Grief and the Holidays…………….

Eid, Chanukah, Christmas, and New Year – it has been imprinted on our psyche from a young age that we spend special holidays with family. This has been a year like no other and many of us will be unable to be with our loved ones, either because a loved one has died or Covid restrictions prevent us from meeting up.

We will miss our loved ones even more than usual. Our sense of loss is magnified – the sadness deepens and the sense of loneliness can feel isolating. How can we celebrate togetherness when those we hold so dearly aren’t there?  But you can, and will, get through the holidays. It may help to have a few ideas in place – with alternatives at the ready if things get too much for you. You are also allowed to change your mind. Christmas candles

If you truly can’t face the holiday, cancel it. Take a year off – it will come round again next year. If you have been going through hard times, just explain you need a break from the festivities. There is no right or wrong way to handle the holidays this year – do what feels right for you. For some people, staying involved with the holidays is a symbol of life continuing. Let the holiday routine give you a framework for how you spend your time.

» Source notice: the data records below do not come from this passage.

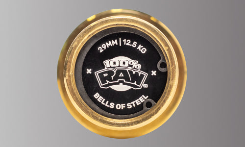 Its 58” length and 12.5kg weight meet competition specs with a precise weight tolerance. And let’s not ignore its flair – gold ribbed sleeves, a striking red Cerakote shaft, and custom RAW logo end caps make this bar stand out as much for its looks as its performance.
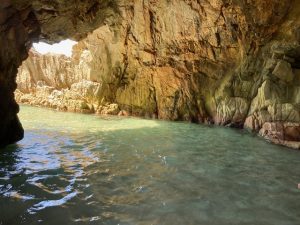 遠浅できれいな海と鍾乳洞のような天然の洞門もあり、
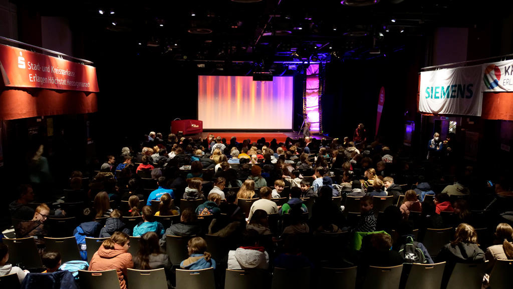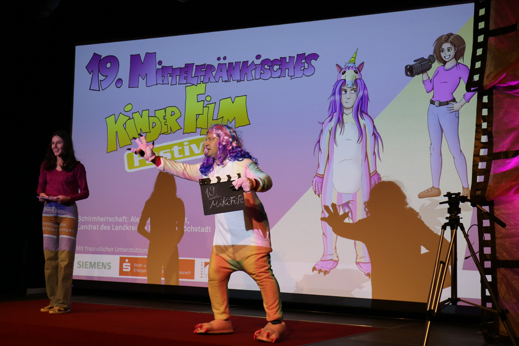 Vom 06. bis 08. Dezember 2023 fand im E-Werk Erlangenzum 18. Mal das Mfr. Kinderfilmfestival statt. MiKi und FiFe begrüßten an drei Tagen über 1200 kleine und große Filmfans sowohl auf der Bühne als auch im Publikum.
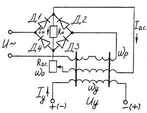 При рассмотрении процессов, проходящих в идеальном магнитном усилителе, отмечалось. Что ток управления можно представить как сумму постоянной и переменной составляющих, причём переменная составляющая изменяется с частотой, вдвое превышающей частоту питания. Если постоянная составляющая обусловлена управляющим сигналом Iy
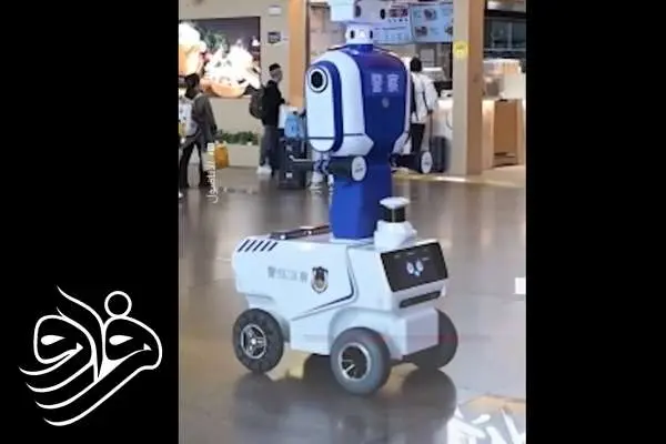 حضور رباتهای پلیس در ایستگاه قطار گوانگژو، ازدحام مسافران را مدیریت میکند.
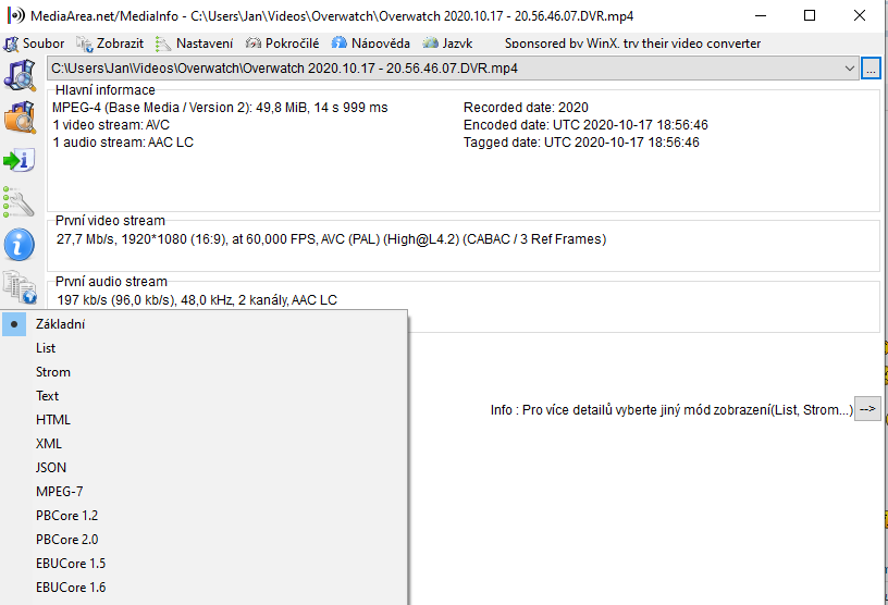Po stáhnutí aplikace MediaInfo vyberete daný soubor a na levé straně kliknete na takové 3 papírky s modrou ikonkou -> Ikona zobrazit. Tam nastavíte Strom / Tree (Viz obrázek)
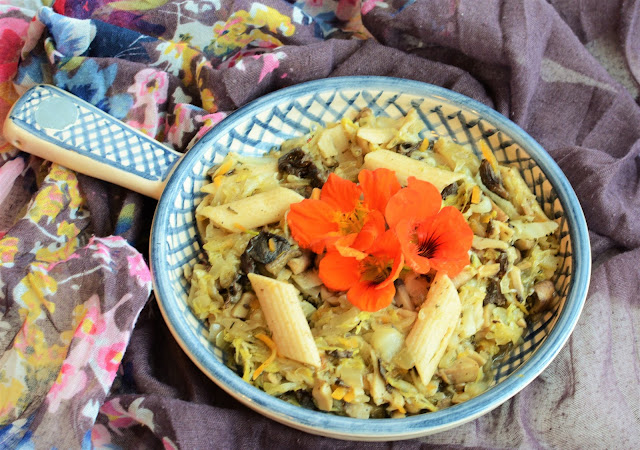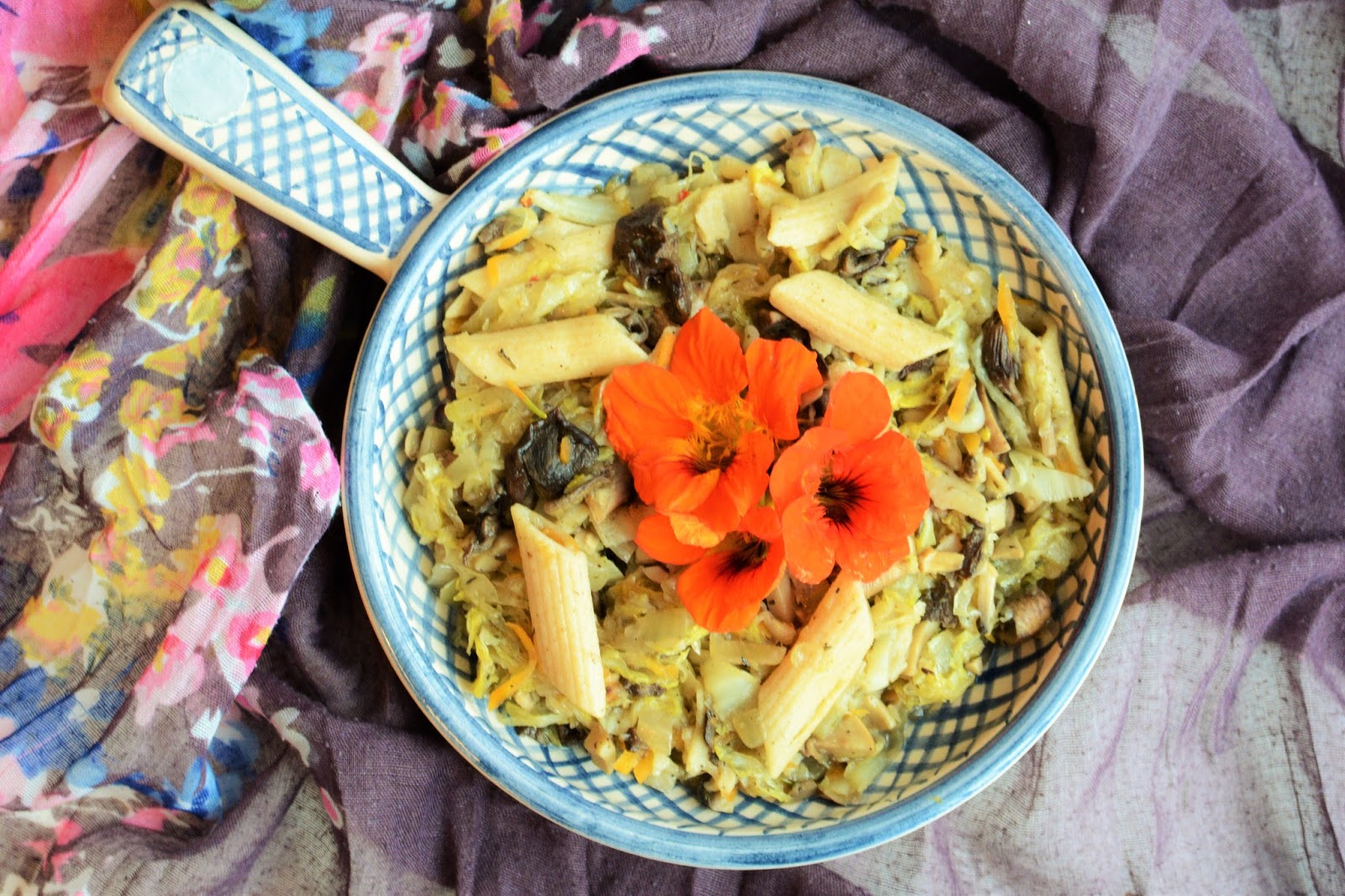 Łazanki z kapustą to jedno z tych dań, do których mam szczególną słabość. Chyba dlatego, że było to jedno z moich pierwszych samodzielnie przygotowanych potraw i napawało mnie ogromną dumą. Faktycznie było smaczne! Dzisiejszy makaron dorównuje mu w pełni, pomimo, że jest wersją zmodyfikowaną. Aromatyczny, smaczny, treściwy. Idealne danie na ziąb i chłód za oknem.Do tego kilka ostatnich już tego roku kwiatów jadalnej nasturcji i szczęście w pełni.

How ever you spend the special day, it is possible to bring your loved ones into it. Maybe saying a prayer for them, or lighting a candle, looking at photos, or asking your faith leader to include them in a prayer. You may wish to contemplate or share your favourite stories about your loved one. If technology is a way of keeping in touch with family and friends, ask people to help you with this if needed. Plan a time when you will meet up online or by phone. Send a reminder in advance.

Remember:

– DO be gentle, patient and kind with yourself

– DON’T do more than you want to

– DO allow time for feelings – don’t keep them bottled up – and then BREATHE

– DO allow others to help you – we all need help at certain times in our lives

Holidays without loved ones are clearly tough events to get through. We may feel sad, but sometimes we may catch ourselves doing okay, and we may even have moments of laughter. And after a while, the holiday will be over.

If you’re struggling over Christmas and New Year, there is help available for you:

The Cruse National Helpline will be open as usual over the holiday period, offering a listening ear and emotional support to anyone who has lost someone they love, or been affected by a bereavement. The freephone number is 0808 808 1677.

The Samaritans – Whatever you’re going through, you can call them any time, from any phone for free. Call: 116 123.                                                   Sometimes writing down your thoughts and feelings can help you understand them better. Email jo@samaritans.org (Response time:24 hours).

The Silver Line has a free, confidential helpline dedicated to helping older people, who may be feeling isolated, confused, or lonely. It is open 24 hours a day, 365 days a year.     Call 0800 470 8090.